Are rights invented or discovered?
August 4, 2014 2 Comments
Writing for The National Constitution Center, Lyle Denniston pinpoints the crux of the nation’s protracted same-sex marriage legal battle:
[it] will come down to a debate about granting a new right to a group of people, or confirming a right that is historically contained in the Constitution.
Denniston doesn’t consistently name the views, so for sake of reference let the former view be “invented rights” and the latter “discovered rights.” The Ninth Amendment seems to provide a justification for discovered rights:
“The enumeration in the Constitution of certain rights shall not be construed to deny or disparage others retained by the people.”
That very promise, at least in one interpretation, set America and its institutions on a more or less continuous journey of discovering what those unspecified rights might be.
I’d like to draw out the ontological implication of discovered rights. Or rather, a paleontological implication. It would seem on this view that constitutional rights are always existing, like some fossils that lay hidden, waiting to be dug up at the right moment in history. It would seem to invite a type of metaphysical Platonism. It might be like the Augustinian doctrine of traduccionism, the idea that you, me, and all descendants of Adam were actually present within him at the Fall of Man. What one thinks of traduccionism theologically is one thing. But constitutionally, wouldn’t it be a little absurd to posit that all future rights were somehow actually embedded in the document at the time of the Founders, waiting to be unpacked in a more progressive time? Could I now be writing words that contain new, untold rights of future generations? It seems quite absurd.
I find the alternative view better. Rights when enumerated, are spoken into being as new creations. Metaphysically, they would seem to be constructs. This does not make me a rights nihilist, but it might make me a rights nominalist.
Denniston frames the driving question of the more skeptical view this way:
What gives a new group, seeking constitutional protection, the right to ask that it get a new right all of its own?
But for those who would unpack preexisting rights, the question is, “Why should guarantees of equality of fair treatment be frozen in constitutional time?”
Notice the language: “equality of fair treatment.” The meaning seems under-determined, but to me the phrase looks redundant. Doesn’t fair treatment already imply an equality of consideration?
Take potential U.S. presidents Arnold Schwarzenegger and Madonna. It may be that the Constitution on procedural grounds fairly prohibits foreign-born Arnold from assuming the office of presidency but permits Madonna for the job. In this case, both persons can be equally and fairly considered, while the outcome is unequal but fair.

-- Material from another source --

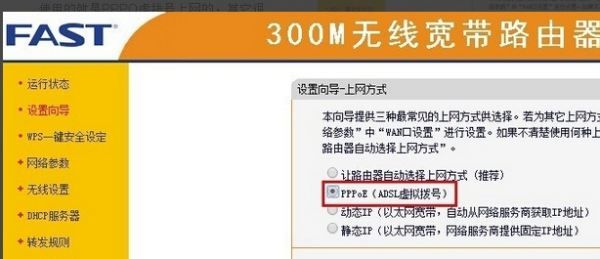 5、根据设置向导一步一步设置,选择上网方式,通常ADSL用户则选择第一项PPPoE,如果用的是其他的网络服务商则根据实际情况选择下面两项,如果不知道该怎么选择的话,直接选择第一项自动选择即可,方便新手操作,选完点击下一步;

Denniston presents a final juxtaposition of discovered rights versus invented rights:
Is it a sweeping right to choose one’s life mate without interference by government? Or is it a right that is fundamental only because it has deep roots in the traditional definition of one-man, one-woman marriage?
The first alternative is deeply twisted logic. The failure of government to affirm one’s very personal life choice does not constitute “interference.” This again confuses the positive right to receive something from government with the negative right to be left alone by government.
Denniston’s second alternative of rooting an individual right to marriage in tradition doesn’t sit quite right, either. The third, unpresented alternative is, why think marriage is a right at all? It seems to me that marriage, especially on the child-centered natural law view, is not anything more than a privilege or duty done for the public good. Let legal marriage bet distinct from personal, theological, and cultural conceptions of marriage.
Just as a childless individual pays taxes for and obtains the general benefits of public education, so we all generally benefit from stable child upbringings that obtain when men and women fulfill the obligations and responsibilities entailed in a marriage covenant. On this overlooked view, if there is a right to marriage, it does not belong to individual citizens, couples, or throuples, but to society as a whole.
This is why I find it especially alarming when attorneys general choose not to defend state constitutional amendments defining marriage as between one man and one woman. Protecting an arguable public interest should not be left to personal whim!
If marriage is a policy in the public interest, we should consider that individual rights may not be able to expand forever. It should be becoming clear that digging up or inventing new rights is at best an absurd exercise, and at worst, damaging to the nation.